Shah, director of the Maine Center for Disease Control and Prevention, was answering a legislator’s question about “What keeps you up at night?” at a time when very few people in America were paying much attention.

Two months later, the human and political landscape has changed almost beyond recognition, as state government struggles to keep up with seemingly impossible demands for accurate information as the coronavirus pandemic builds toward its peak. It also must keep basic public services going as most Mainers “self-isolate” or keep their daily public activities to a bare minimum.

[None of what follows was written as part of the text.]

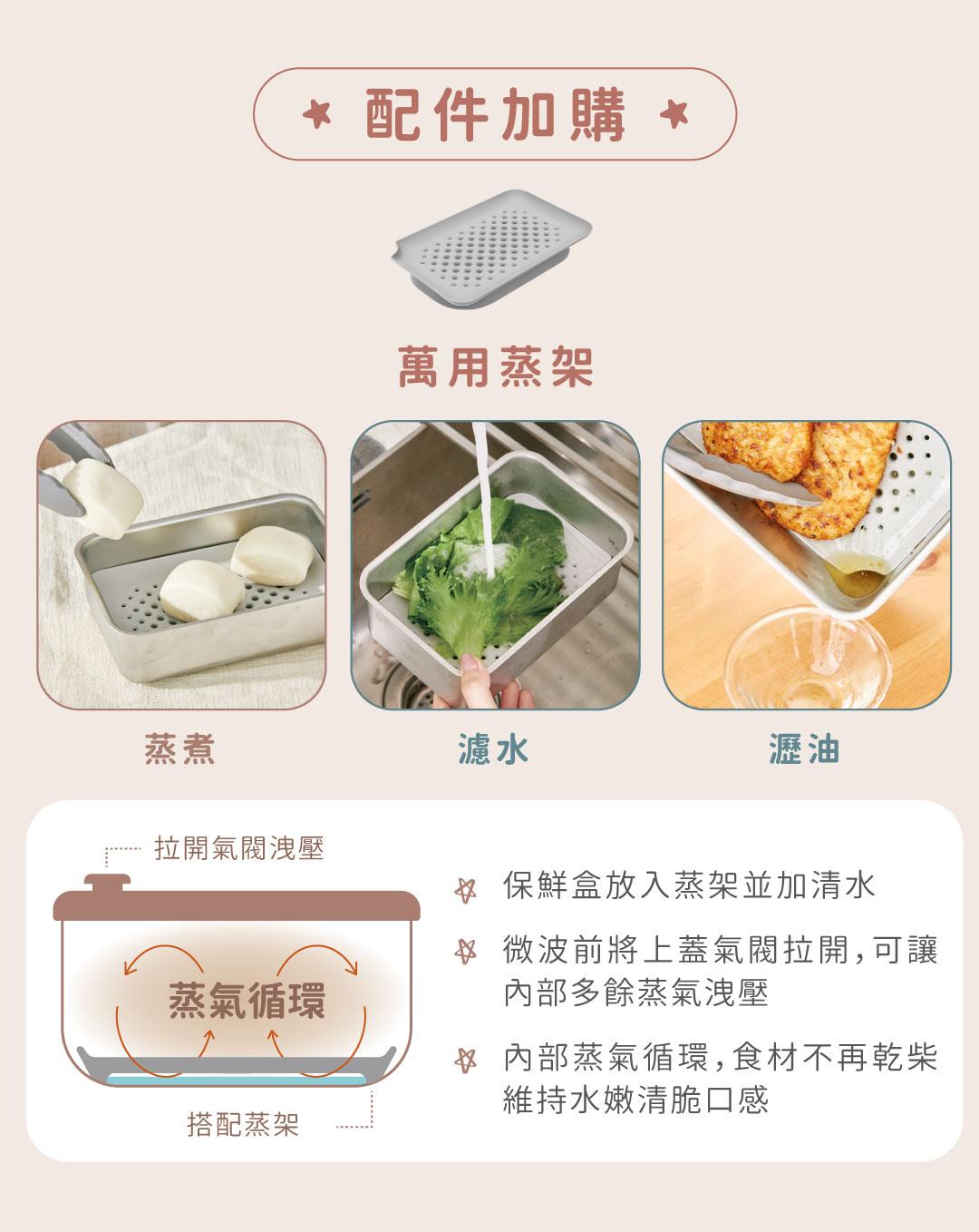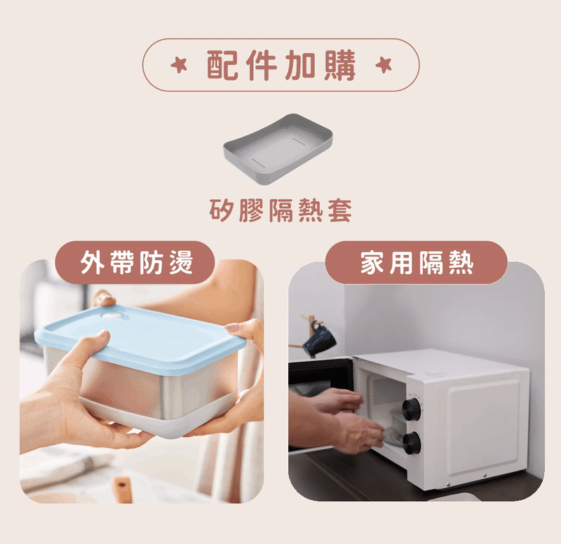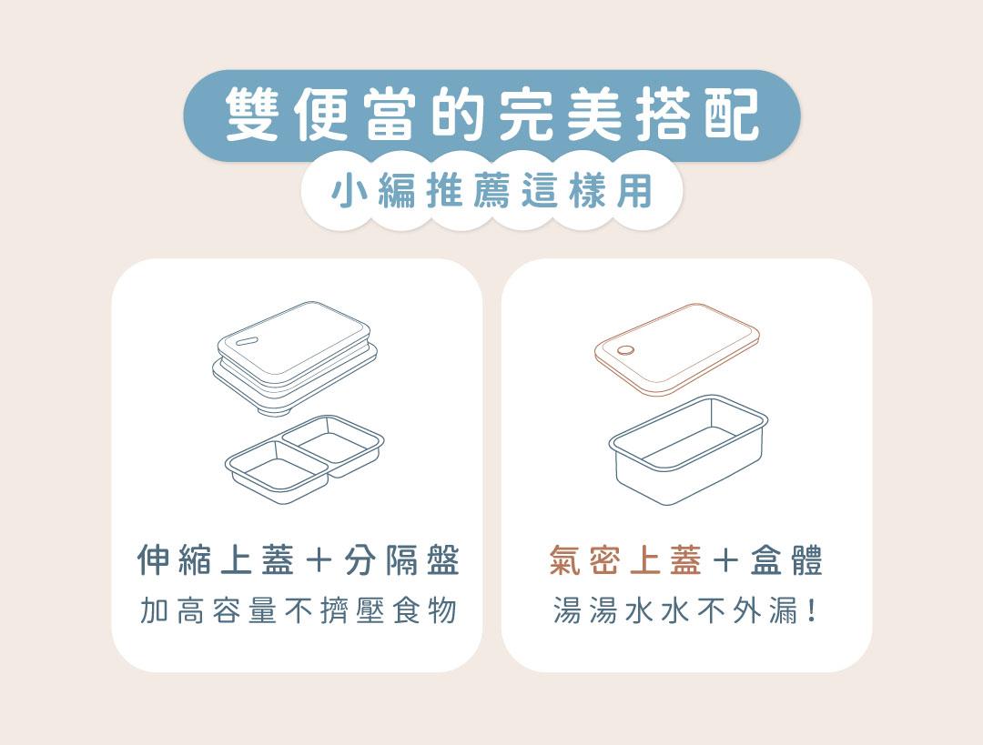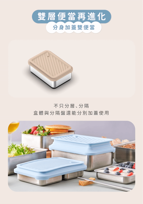 內容物:可微波不鏽鋼盒體、可微波不鏽鋼分隔盤、白金矽膠伸縮上蓋
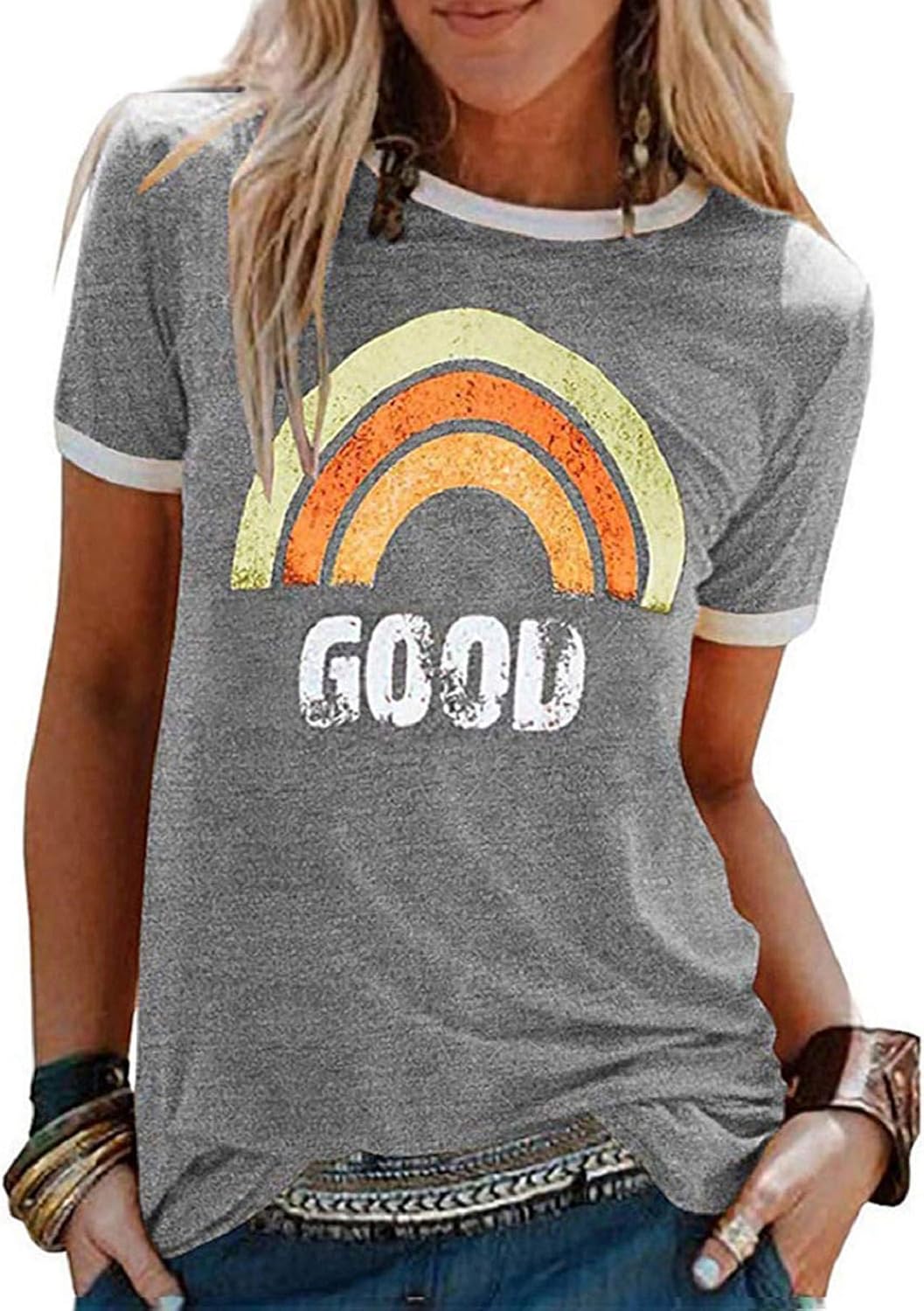 A Maniche Corte Aderente Maglietta Da Donna Estiva Con Stampa A Forma Di Lettera Arcobaleno Stile Casual Yuson T Shirt T Shirt Top E Bluse

Dr. Nirav Shah, director of the Maine Center for Disease Control and Prevention. (Contributed)

The briefings that Shah now conducts every weekday – with video conferences on weekends – have become not only must-see television and streaming, but vital sources for health-care providers, emergency responders, state agency officials and legislators. 

Shah gets high marks from almost everyone for both his fidelity to science and his analytical ability – he studied economics at Oxford University and has a law degree, which allows him to present complex information in a pithy and memorable way. He’s been joined at some briefings by Gov. Janet Mills and Health and Human Services Commissioner Jeanne Lambrew, who is a former health-care adviser to President Barack Obama.

Mills’ most recent appearance was to announce the first death of a Maine resident at the hands of COVID-19. As of Tuesday, there had been five deaths and 303 cases – both totals certain to rise in the days ahead.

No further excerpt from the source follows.